Article on Music Cataloging and Technology
Soon after I retired in January 2021, I began writing a memoir of my days as a student and early-career music librarian. Early drafts centered on Ralph Papahkian, my cataloging teacher at Indiana, who later became my mentor and friend. I passed this draft by Jon Sauceda, editor of Notes, who encouraged me to broaden the scope and recast it as an article on the changes that technology brought to music cataloging in the 1980s. The article has been published in the September 2022 issue of Notes (the DOI is 10.1353/not.2022.0062) and an open-access preprint is available from the University of Pennsylvania’s institutional repository, ScholarlyCommons@Penn.

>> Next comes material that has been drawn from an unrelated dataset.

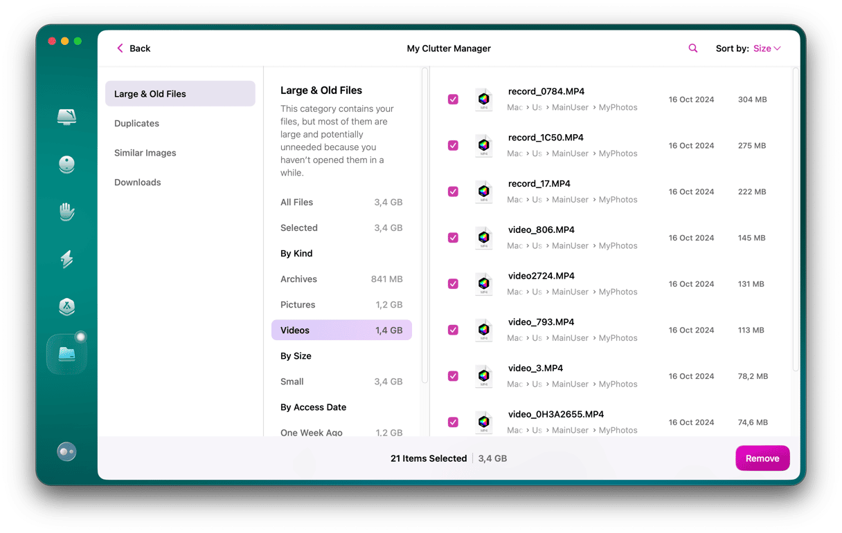 Selv om tipset ovenfor fungerer og er veldig nyttig, er det mye manuell graving, og det har begrensninger. Ærlig talt, jeg unngår vanligvis å skanne hele Macen min manuelt fordi det er for lett å gå glipp av ting som er begravet i obskure mapper. CleanMyMac kommer med en nyttig funksjon kalt My Clutter, som kan rense hele systemet på minutter, liste alle filer etter størrelse og type, og til og med sist åpnet for veldig enkel fjerning. Slik fungerer det:

Here is the abstract for the article:
After decades of relative stasis, library technology underwent transformational changes in the 1980s. Over the course of a few years, the introduction of shared online cataloging, the local online public catalog, and electronic mail changed the way librarians did their work and ushered in a period of technological innovation that continues today. The author offers a first-hand account of the impact of these technologies in the 1980s, when he was a graduate student and early-career music librarian.
I presented the earlier version of the article—the remembrance of Ralph Papakhian—at the fall 2021 meeting of the Midwest Chapter of the Music Library Association, and it is available for reading (in a long and short version) and viewing (in two parts).